Using Direct Acyclic Graphs to Enhance Skeleton-Based Action Recognition with a Linear-Map Convolution Neural Network

Abstract

Research on the human activity recognition could be utilized for the monitoring of elderly people living alone to reduce the cost of home care. Video sensors can be easily deployed in the different zones of houses to achieve monitoring. The goal of this study is to employ a linear-map convolutional neural network (CNN) to perform action recognition with RGB videos. To reduce the amount of the training data, the posture information is represented by skeleton data extracted from the 300 frames of one film. The two-stream method was applied to increase the accuracy of recognition by using the spatial and motion features of skeleton sequences. The relations of adjacent skeletal joints were employed to build the direct acyclic graph (DAG) matrices, source matrix, and target matrix. Two features were transferred by DAG matrices and expanded as color texture images. The linear-map CNN had a two-dimensional linear map at the beginning of each layer to adjust the number of channels.
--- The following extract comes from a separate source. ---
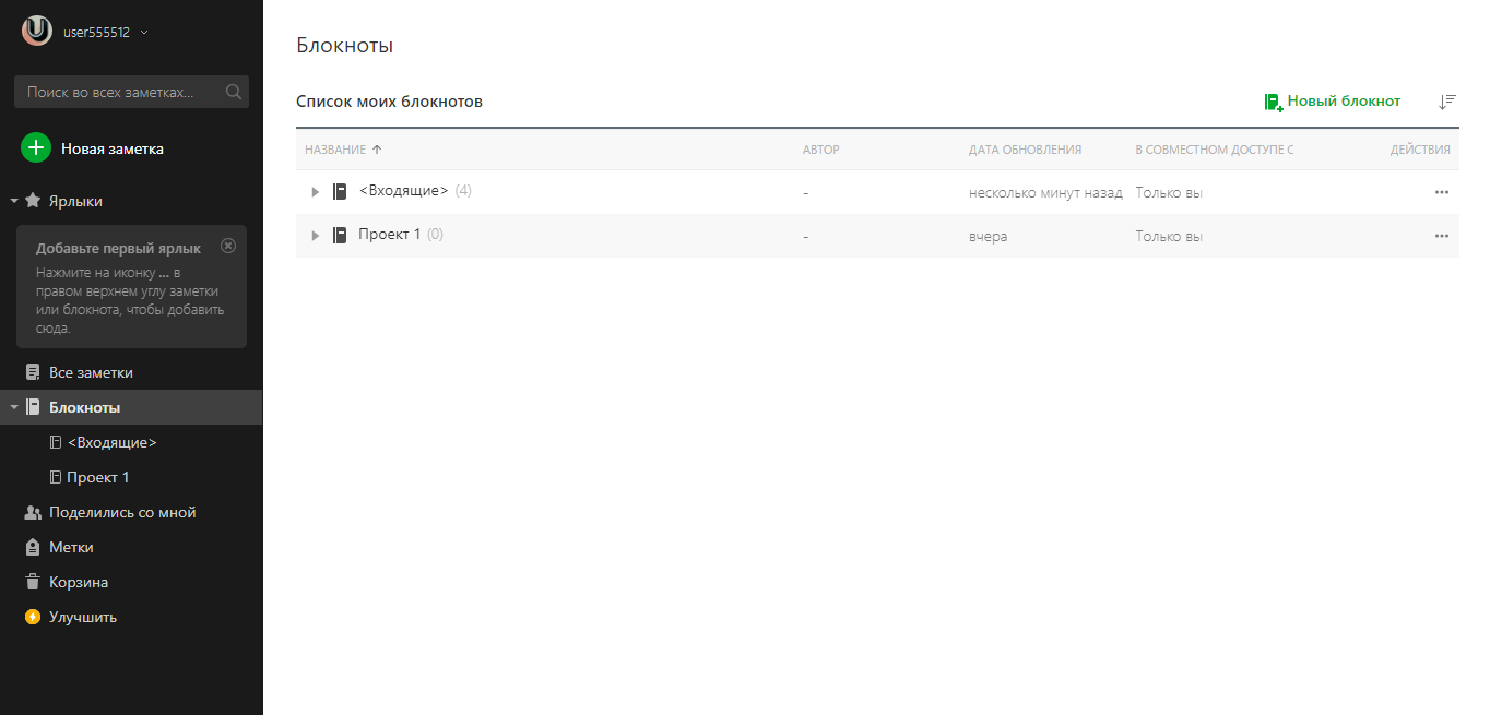 Чтобы как-то организовать все созданные заметки и разделить их по категориям, прикрепляйте их в блокноты. Например, можно создать блокноты “Планы на год” и “Список рабочих задач”, чтобы было проще их искать. Все созданные записи автоматически помещаются в раздел “Входящие”.

A two-dimensional CNN was used to recognize the actions. We applied the RGB videos from the action recognition datasets of the NTU RGB+D database, which was established by the Rapid-Rich Object Search Lab, to execute model training and performance evaluation. The experimental results show that the obtained precision, recall, specificity, F1-score, and accuracy were 86.9%, 86.1%, 99.9%, 86.3%, and 99.5%, respectively, in the cross-subject source, and 94.8%, 94.7%, 99.9%, 94.7%, and 99.9%, respectively, in the cross-view source. An important contribution of this work is that by using the skeleton sequences to produce the spatial and motion features and the DAG matrix to enhance the relation of adjacent skeletal joints, the computation speed was faster than the traditional schemes that utilize single frame image convolution. Therefore, this work exhibits the practical potential of real-life action recognition.